There is some question as to whether a finding that Recon competes with Utah title companies (a) merely entitles Recon to perform trustee sales in Utah but does not excuse it from the responsibilities imposed upon its competitors by Utah Code Ann. 57-1-21 or (b) grants Recon blanket authority to perform trustee sales regardless of the state law requirements for doing so. Under § 57-1-21, a title company is only permitted to exercise the power of sale if it "(A) holds a certificate of authority or license under Title 31A, Insurance Code, to conduct insurance business in the state; (B) is actually doing business in the state; and (C) maintains a bona fide office in the state."
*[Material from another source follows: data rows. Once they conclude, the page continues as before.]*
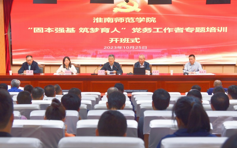 10月25日下午淮南师范学院在知明湖学术报告厅召开“固本强基 筑梦育人”党务工作者专题培训开班式,淮南师范学院党委书记阮爱民出席活动并讲话。安徽省委教育工委组干处原一级调研员朱晓明,安徽大学党委常委、宣传部部长赵晓明,淮南师范学院党委委员、党委组织部部长孙大军,党委委员、党委宣传部、党委统战部部长单杰,各院系级单位党组织书记,各党群部门负责人,各院系级单位党政办公室主任,各党支部书记参加了会议。会议由孙大军主持。
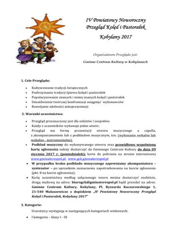 IV Powiatowy Noworoczny Przegląd Kolęd i Pastorałek Kobylany 2017 Organizatorem Przeglądu jest: Gminne Centrum Kultury w Kobylanach 1. Cele Przeglądu: Kultywowanie tradycji świątecznych Podtrzymanie tradycji śpiewu kolęd i pastorałek Popularyzowanie znanych i mniej znanych kolęd i pastorałek Umożliwienie twórczej konfrontacji osiągnięć wykonawców Rozwijanie zdolności autoprezentacji 2. Warunki uczestnictwa: Przegląd przeznaczony jest dla solistów i zespołów; Każdy z uczestników wykonuje jeden utwór; Przegląd ma formę prezentacji utworu muzycznego a capella, z akompaniamentem lub z podkładem muzycznym, tzn. (wykonanie wokalne lub wokalno - instrumentalne); Podkład muzyczny do wykonywanego utworu oraz prawidłowo wypełnioną kartę zgłoszenia należy dostarczyć do Gminnego Centrum Kultury do dnia 09 stycznia 2017 r. (poniedziałek); karta do pobrania na stronie internetowej www.gminaterespol.pl, www.gck.gminaterespol.pl W przypadku braku podkładu muzycznego zapewniamy akompaniatora – syntezator – po uprzednim zaznaczeniu zapotrzebowania na karcie zgłoszenia (pkt. 8 na karcie zgłoszenia); Kartę uczestnictwa według załączonego wzoru można dostarczyć osobiście, drogą mailową na adres: [email protected] bądź przesłać na adres: Gminne Centrum Kultury, Kobylany, Pl. Ryszarda Kaczorowskiego 1, 21-540 Małaszewicze z dopiskiem „IV Powiatowy Noworoczny Przegląd Kolęd i Pastorałek, Kobylany 2017” 3. Kategorie: Uczestnicy występują w następujących kategoriach wiekowych: I kategoria – klasy I - III II kategoria – IV – VI III kategoria – gimnazjum IV kategoria – ponadgimnazjalne i starsze V kategoria - Zespoły 4. Termin: Przegląd odbędzie się 15.01.2017r. o godzinie 12.00 w Sali konferencyjnej Urzędu Gminy Terespol, piętro II 5. Kryteria oceny Wykonawców będzie oceniać komisja powołana przez Dyrektora Gminnego Centrum Kultury według następujących kryteriów: walory głosowe własną interpretację kolęd i pastorałek muzykalność poczucie rytmu dobór repertuaru ogólny wyraz artystyczny (osobowość sceniczna i muzykalność) 6. Nagrody i wyróżnienia: W poszczególnych kategoriach zostaną przyznane nagrody za zajęcie miejsca I, II oraz III, Dodatkowo Organizator przewiduje wyróżnienia w każdej kategorii. Wszyscy uczestnicy Przeglądu otrzymają pamiątkowe dyplomy. 7. Postanowienia końcowe: Indywidualne występy osób nie zgłoszonych do Przeglądu w terminie lub osób nie klasyfikujących się do poszczególnych kategorii wymienionych w pkt. 3 Regulaminu, nie będą oceniane przez Komisję Konkursową. Organizatorzy zapewniają nagłośnienie i sprzęt odtwarzający, ewentualnie akompaniament (po wcześniejszym ustaleniu z Organizatorem). Występ z akompaniamentem na żywo; Uczestnicy Przeglądu występują wg kolejności zgłoszeń do poszczególnej kategorii; Regulamin Przeglądu znajduje się na stronie internetowej www.gminaterespol.pl, www.gck.gminaterespol.pl; O wszelkich zmianach dotyczących czasu, miejsca i przebiegu Przeglądu zainteresowani zostaną wcześniej powiadomieni; Wszelkich wyjaśnień oraz kwestii indywidualnych ocen każdego występu udziela Komisja Konkursowa przez 30 minut po zakończeniu Przeglądu i ogłoszeniu wyników. Wszystkie osoby biorące udział w IV Przeglądzie Kolęd i Pastorałek wyrażają zgodę na fotografowanie, rejestrowanie wizerunku, a tym samym publikowanie go podczas organizowanych przez Gminne Centrum Kultury imprez oraz wykorzystanie tego wizerunku poprzez umieszczanie zdjęć na stronach internetowych UG Terespol, GCK w Kobylanach oraz lokalnych portalach czy czasopismach informacyjnych, w celu informacji i promocji działalności Gminnego Centrum Kultury. Wszelkich informacji dotyczących konkursu udzielają: Pani Magdalena Jaszczuk – tel. 83-411-20-63 oraz Pan Mariusz Siwagow – tel. 83-411-20-66, od poniedziałku do piątku, w godzinach 8.00 – 15.00. Organizator zastrzega sobie prawo do zmian w Regulaminie.
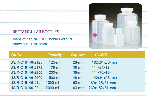 Botella de boca ancha Rectangular, transparente, LDPE, 500ml
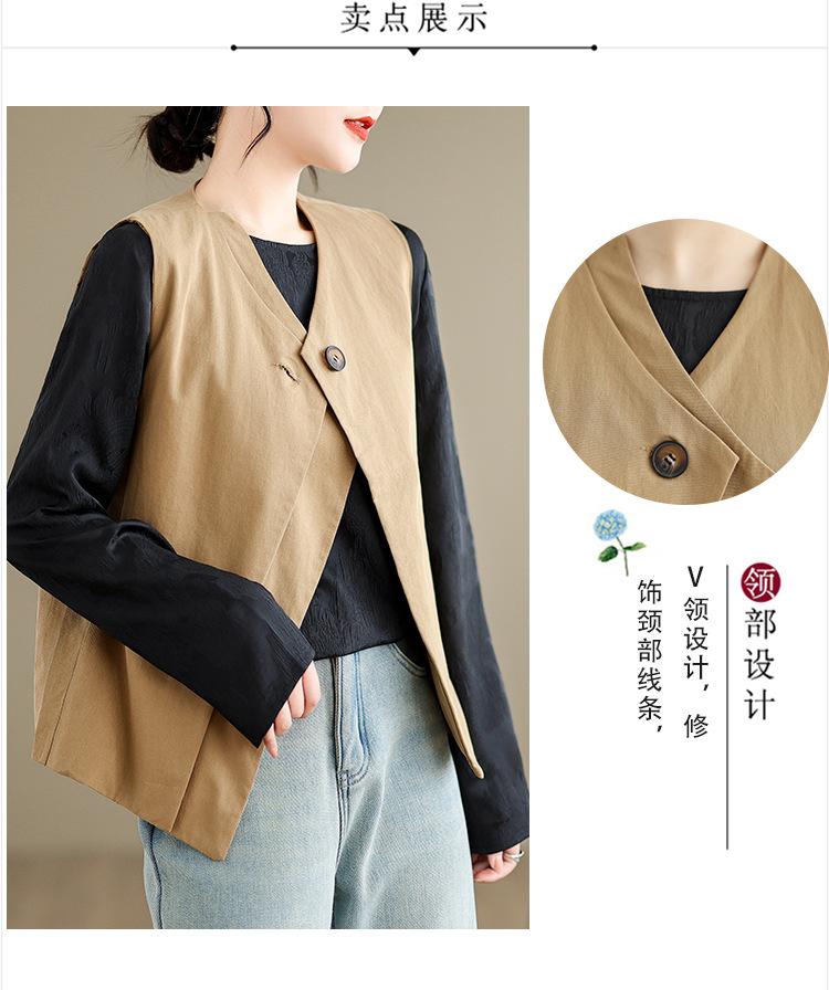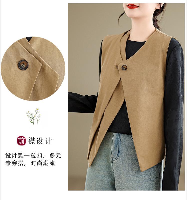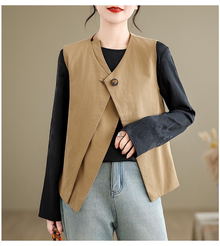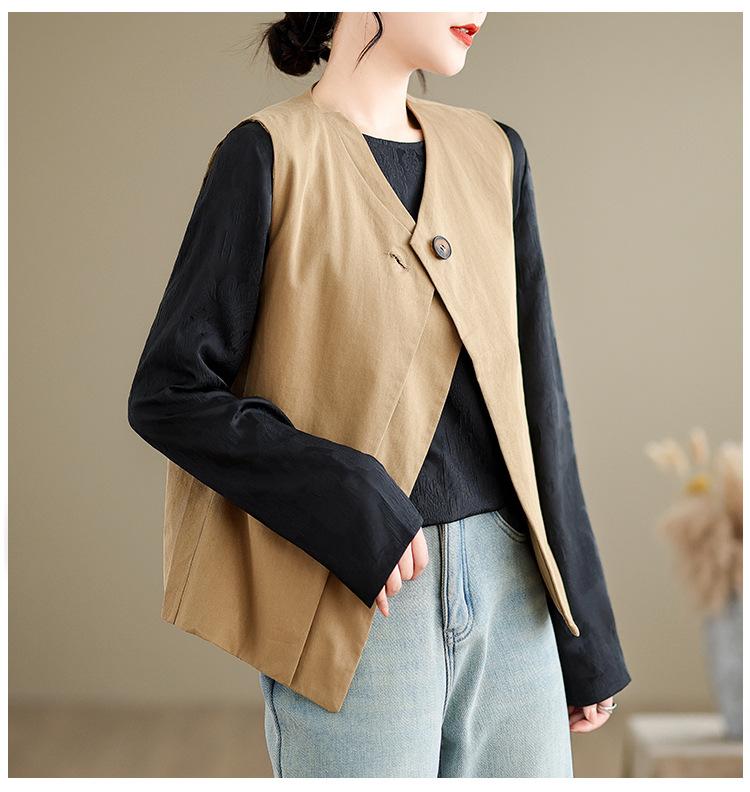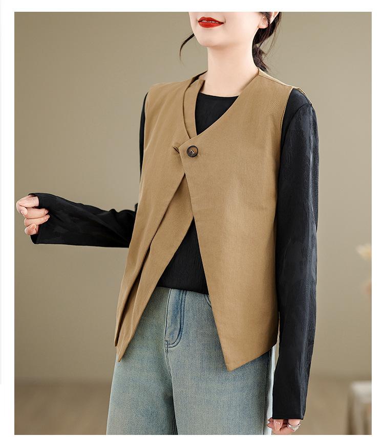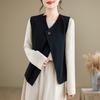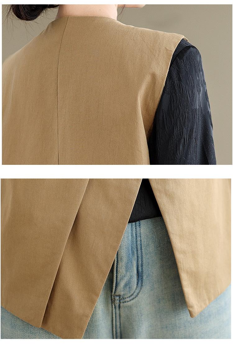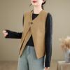 Chaleco de Traje Vintage para Mujer, Diseño de Primavera y Otoño, Chaleco de Traje Corto Nicho, Chaleco Holgado sin Mangas con Cuello en V

In resolving this issue, the Court finds that the NBA's use of the word "exercise" is telling. The statute authorizes "the exercise" of trust powers by a national bank as long as a national bank competitor is granted the same powers. Exercise, used as a verb, means "use or apply (a faculty, right, or process)."
Accordingly, the Court finds that regardless of whether the NBA incorporates Utah or Texas law, Recon has not operated beyond the law by acting as a foreclosure trustee in Utah.
So holding dispenses of all six of Plaintiffs' claims. Plaintiffs' first two claims are based on an application of Utah trust law. Because Texas law applies, Utah law is irrelevant. Furthermore, even if Utah law were to apply, it would only apply as incorporated through the NBA. Plaintiffs' state trust law contentions would thus be irrelevant in the face of the Court's finding that Recon has not violated the NBA. Plaintiffs' conversion, wrongful lien, and wrongful foreclosure claims are predicated on the theory that Recon had no authority to act as foreclosure trustee under Utah trust law, and are thus similarly futile. Finally, Plaintiffs' intentional infliction of emotional distress claim fails because it is based on Plaintiffs' theory that the Defendants colluded to engage in criminal behavior, and that this criminal behavior was "extreme and outrageous." This theory, tenuous as it is to start, crumbles upon a finding that Defendants' actions were authorized by law. Accordingly, the Court will grant Defendants' Motion to Dismiss as to all claims.
Plaintiffs have also filed a motion for a temporary restraining order and/or preliminary injunction prohibiting Recon from engaging in foreclosure trustee activities in Utah, as well as a motion for class certification for those similarly situated to Plaintiffs. In light of the analysis above, both motions are moot and therefore the Court will deny them.
In light of the foregoing, the Court will grant Defendants' Motion to Dismiss, deny Plaintiffs' Motion to Remand, and deny Plaintiffs' Ex Parte Application for Temporary Restraining Order and Motion for Preliminary Injunction as moot. The hearing set for this matter is stricken. It is therefore
ORDERED that Plaintiffs' Motion to Remand (Docket No. 20) is DENIED. It is further
ORDERED that Defendants' Motion to Dismiss (Docket No. 18) is GRANTED. It is further
ORDERED that Plaintiffs' Ex Parte Application for Temporary Restraining Order and Motion for Preliminary Injunction (Docket No. 25) and Plaintiffs' Motion to Certify Class (Docket No. 28) are DENIED AS MOOT. The Clerk of the Court is directed to close this case forthwith.